- [EXERCISE]:
Leaving out each picture, transcribe the lines of the listing below exactly from the first through the line that contains "Gyger, H.C.Gyger.- Wahrhaffte".

- [GIVEN INFORMATION]:
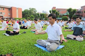 M. Chiu s'est joint aux exercices de groupe au cours d'une conférence de partage d'expériences du Falun Gong à Chien-tan, à Taïpeh, en août 2009
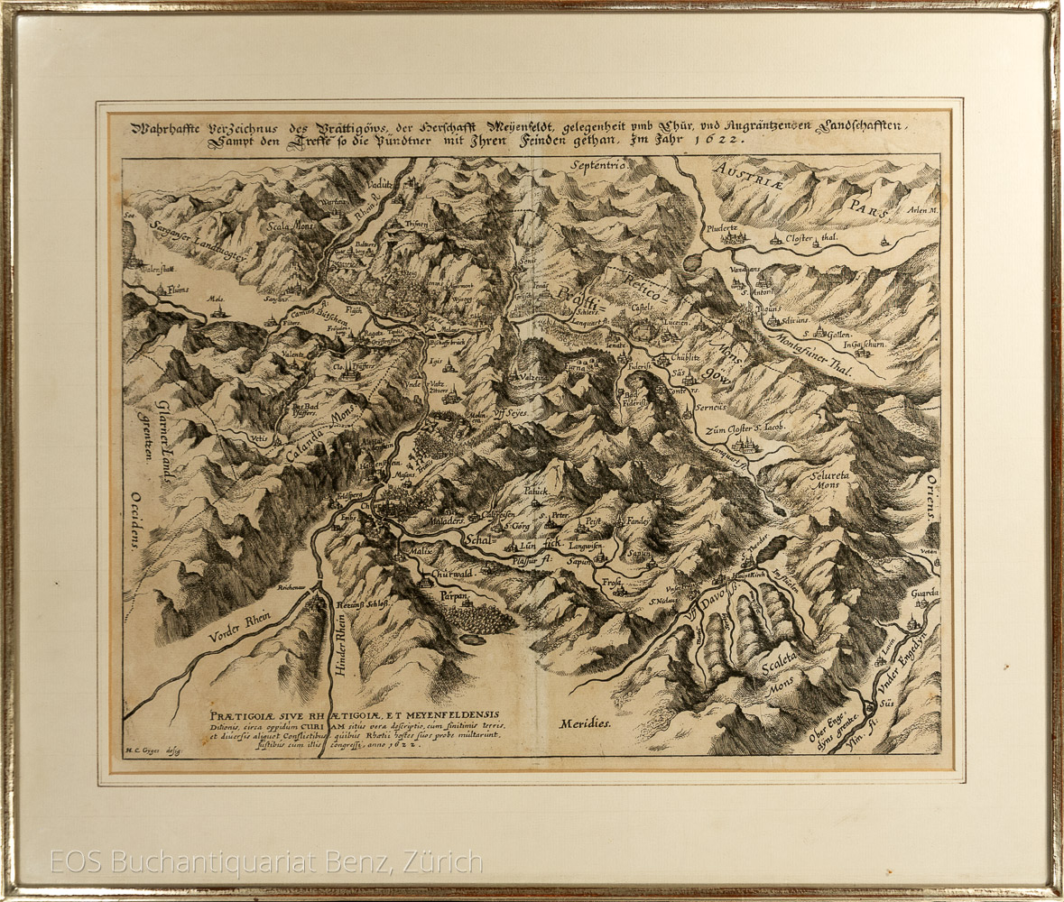 Gyger, H.C.Gyger.- Wahrhaffte Verzeichnüs des Prättigöws, der Herrschafft Meyenfeldt, gelegenheit umb Chur, und Angräntzenden Landschafften Sampt den Treffe so die Pündtner mit Ihren Feinden gethan, Im Jahr 1622.  (1635) Kuperstich von Matthäus Merian. Blattgrösse: 28,5 x 37 cm. Bildgrösse: 40 x 49 cm.
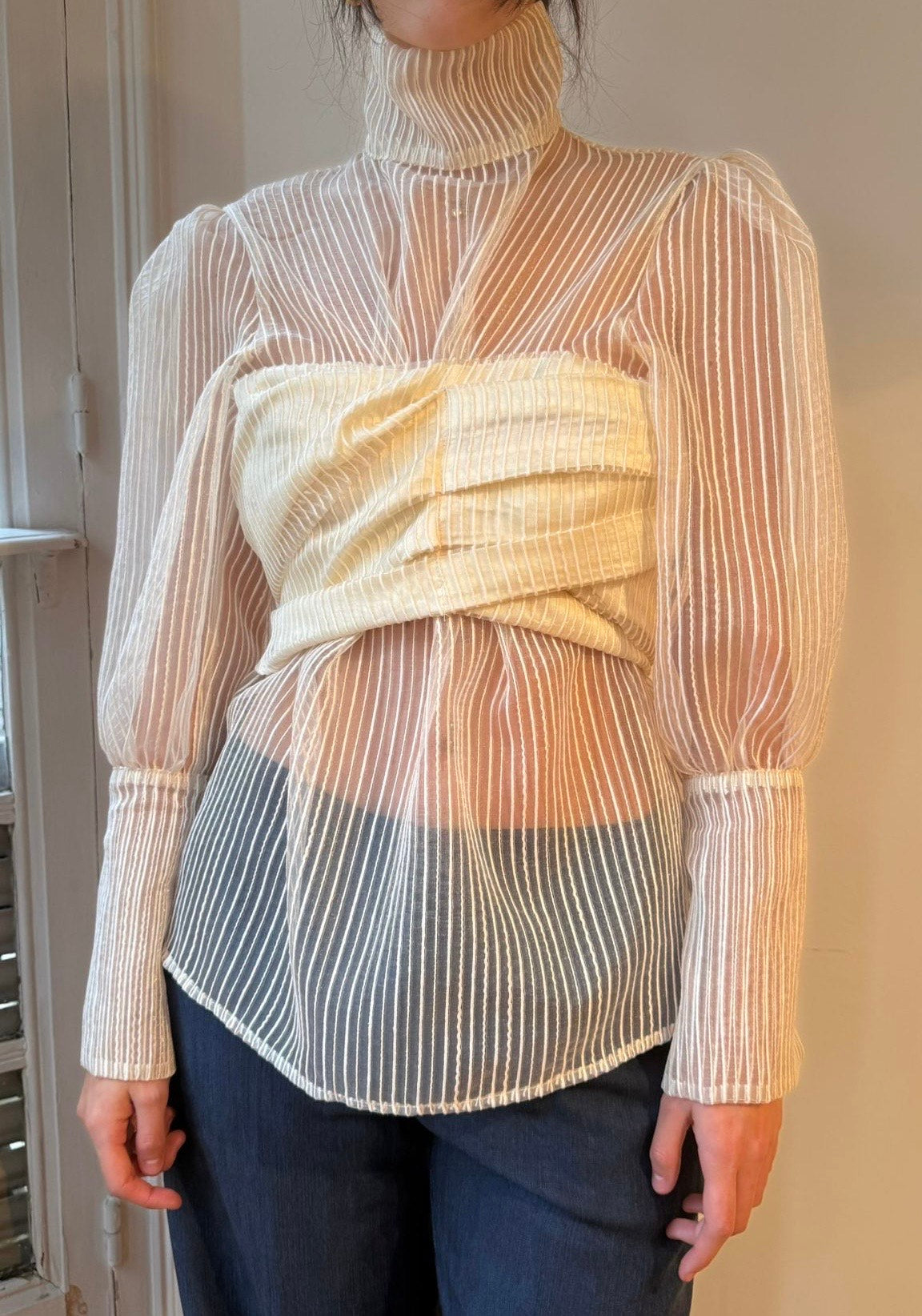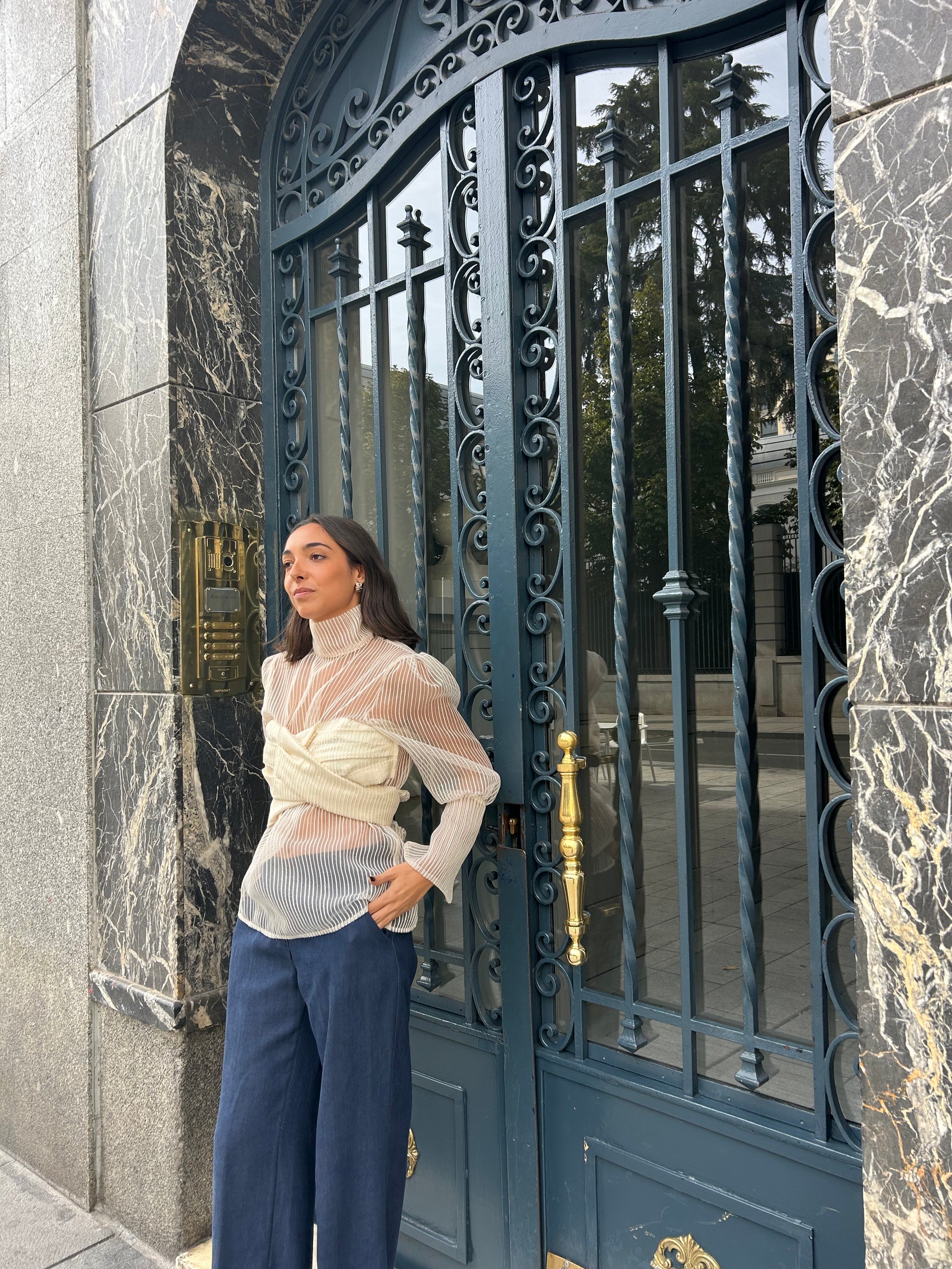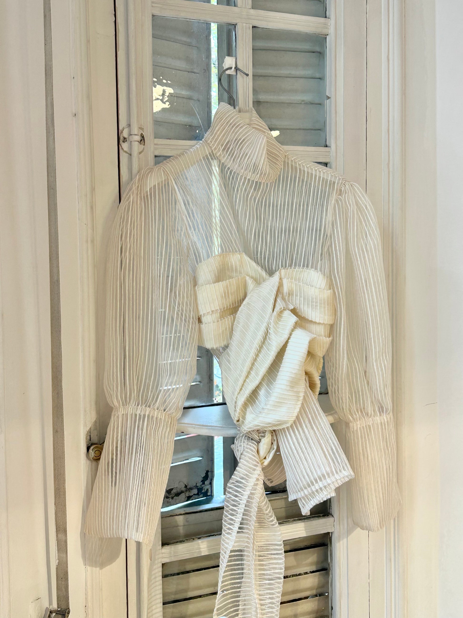 Elevate your style with our white organza blouse, designed for the woman who loves elegance and versatility. Its lightweight, sheer fabric adds a sophisticated touch, while the adjustable tie lets you create multiple looks—tie it at the front, side, or back for endless styling possibilities. Perfect for pairing with jeans, trousers, or skirts, this blouse adapts to your creativity and personal style.
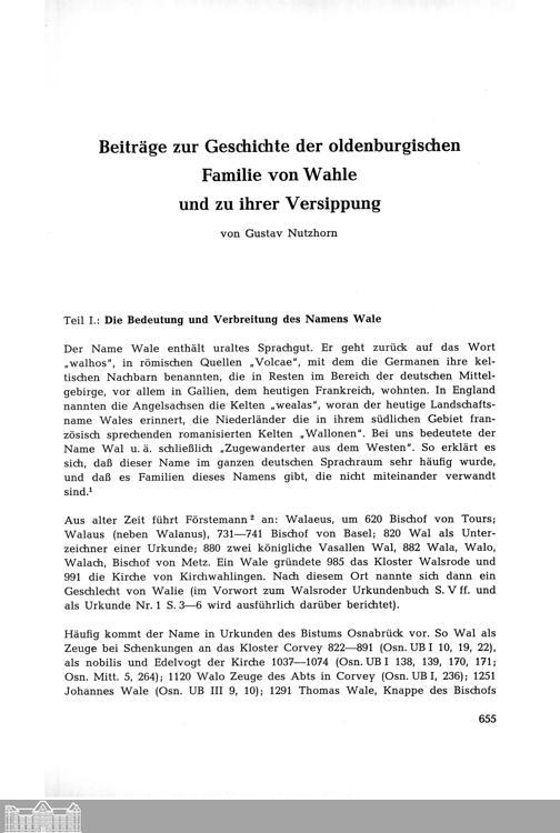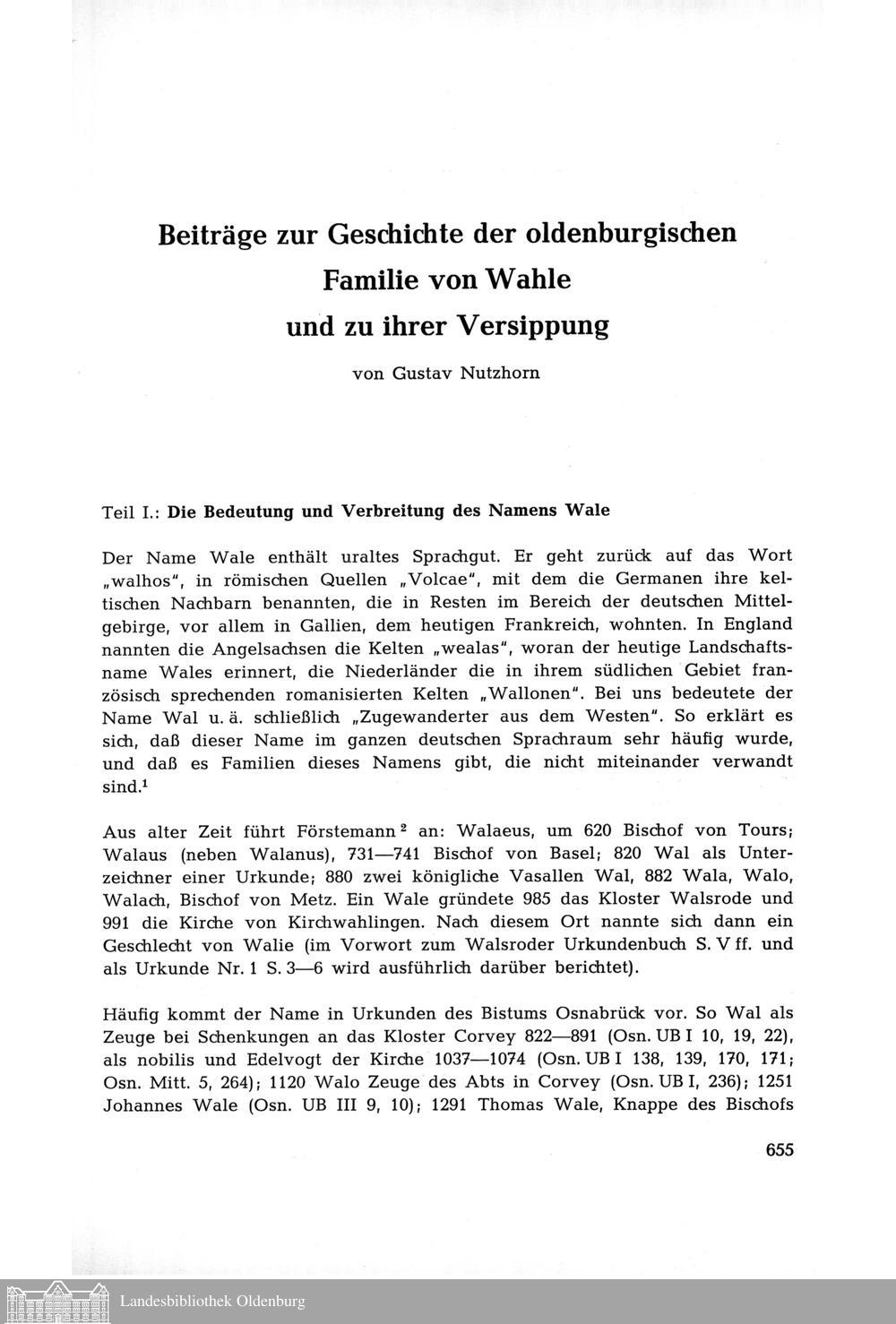 Beiträge zur Geschichte der oldenburgischen Familie von Wahle und zu ihrer Versippung....

- [WRITTEN ANSWER]:
 M. Chiu s'est joint aux exercices de groupe au cours d'une conférence de partage d'expériences du Falun Gong à Chien-tan, à Taïpeh, en août 2009
 Gyger, H.C.Gyger.- Wahrhaffte Verzeichnüs des Prättigöws, der Herrschafft Meyenfeldt, gelegenheit umb Chur, und Angräntzenden Landschafften Sampt den Treffe so die Pündtner mit Ihren Feinden gethan, Im Jahr 1622.  (1635) Kuperstich von Matthäus Merian. Blattgrösse: 28,5 x 37 cm. Bildgrösse: 40 x 49 cm.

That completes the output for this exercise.